Breaking Language Barriers in FME Workspaces with AI

Siobhan Ryan
It's been a busy few weeks since I started at Tensing, with visits to see Dutch and French colleagues. They have shared with me a range of impressive Workspaces which I need to adapt for some UK projects I am working on.
Everyone loves a well-documented and annotated workspace. Unfortunately, my Dutch and French language skills aren't quite up to scratch. I was given a bunch of workspaces from the team in the Netherlands, only understanding how to say goedemorgen and dankje, it wasn't very easy to understand. That's when I thought there must be a way to use FME to translate the bookmarks and annotations in the workspaces so I could understand what each part of the process was doing. I’ve detailed my approach in this article—hope it gives you some ideas!
The solution: combine the power of FME and Generative AI to translate bookmarks and annotations in a workflow.
At Tensing, since the introduction of AI Assist tools in 2023 we have been exploring the use of Generative AI to enhance our workflows and improve efficiency through AI-driven automation. Over the past year we have released a few transformers in the FME Hub that make Generative AI accessible for everyday tasks.

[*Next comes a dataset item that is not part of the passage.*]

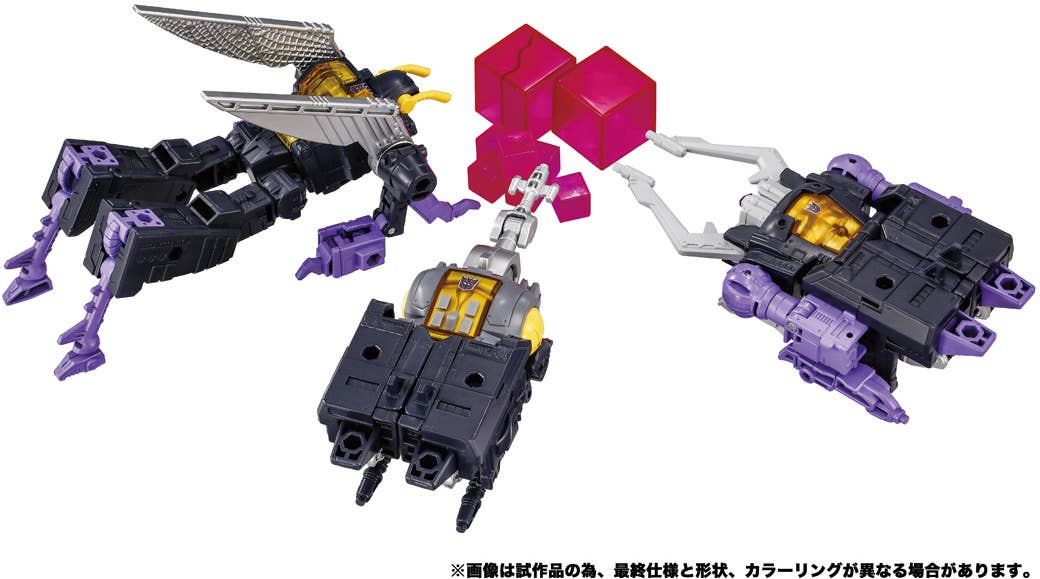 Skywarp is a member of the Decepticon air force, the Seekers, and is an airman who transforms into a jet plane. Kickback, Sharpnel, and Pumpshell are members of the independent Insecticon unit, and are feared for their cunning and greedy natures. They transform into a grasshopper, a stag beetle, and a rhinoceros beetle, respectively.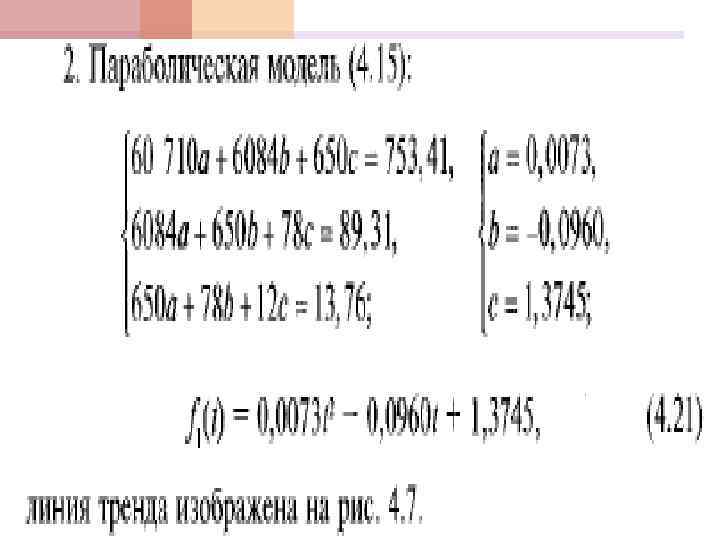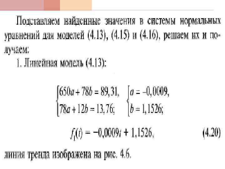 Функции тренда Линейная модель (4. 13) Степенная модель (4. 14) Параболическая модель (4. 15)

At a quick glance, here are the main steps in the workspace translation:
- Read in the original workspace and extract the workspace parameters;
- Create a prompt for AI to read and make a request to the API;
- Extract the JSON response;
- Find and replace the translated segments in the txt file of the original workspace.
The original workspace in dutch.
Step 1: Reading in the workspace
It makes a lot of sense that FME is pretty good at reading in its own files. The FeatureReader proves itself very helpful when doing so. In this case, we are only exposing the bookmarks, annotations and workspace properties.
The first step is getting the data ready to make a prompt. Using the AttributeManager to remove the attributes we don’t need. As well as creating the attribute (to_translate) which holds the information from each of the feature types to be translated. Once the data is ready we can have a look at creating a prompt for the AI.
Step 2: Creating the AI prompt
Simplicity and clarity are key when creating a prompt for the AI model to use. In this case, we wanted a response in JSON and told it exactly how we would like the output formatted.
Translate the JSON input into English if it is not already in English, return JSON only follow the output structure.
####Input { "original_value": "@Value(to_translate)" }
####Example Output when a translation is needed { "original_value": "gis_etl_probleem", "translated_value":"gis_etl_problem", }
####Example Output when the original value is already in English { "original_value": "Problem", "translated_value":"Problem", }
After creating the prompt, there was still a bit of work required to tidy and clean the data for the API submission and then create the upload body for the API request. There are a number of APIs available for generative, this time we are using the Google AI Gemini API for the translation. In the future, we may look at switching to a locally deployed large language model.
Step 3: Extracting the response
A great thing about this process is the JSON response. Since we are able to specify to the AI exactly what we want in the prompt, it makes extracting the response nice and easy. From there, the AttributeTrimmer and StringReplacers are used to tidy the data and we are left with our original and translated bookmarks and annotations.
Step 4: Editing the workspace file
With the translation done, the next part of the workspace focuses on replacing the translated text, in this case the Dutch with the English bookmarks. Reading the original fmw file in as a .txt file this time allows us to find relevant the text line data we want to replace.
The FeatureJoiner performs a join between the translated data and the text file when the current and previous text line data match. Something that we noticed here was that the format of the data from the text file included extra HTML elements that were not present in the translated data. For example, an unjoined feature was #! NAME="Samenvoegen Export & AP". This is because the text file read this as #! NAME="Samenvoegen Export & AP".
This is especially prevalent in how annotations are read in, and requires a bit of tinkering with the XMLFlattener or StringReplacer to get these to join successfully.
From there it's just a matter of sorting the text file back into the correct order and writing to a new FME workspace. Ultimately, this is what we got at the end of the translation:
Translated workspace in English
Of course, a lot of care is needed when editing the mapping files of a workspace but we think this is a pretty cool use of AI and FME, in being able to understand our teams work from different countries and languages. Its's exciting to explore these different use cases of Generative AI. As these models continue to improve I look forward to seeing new and innovative ways of how we can integrate these into our work.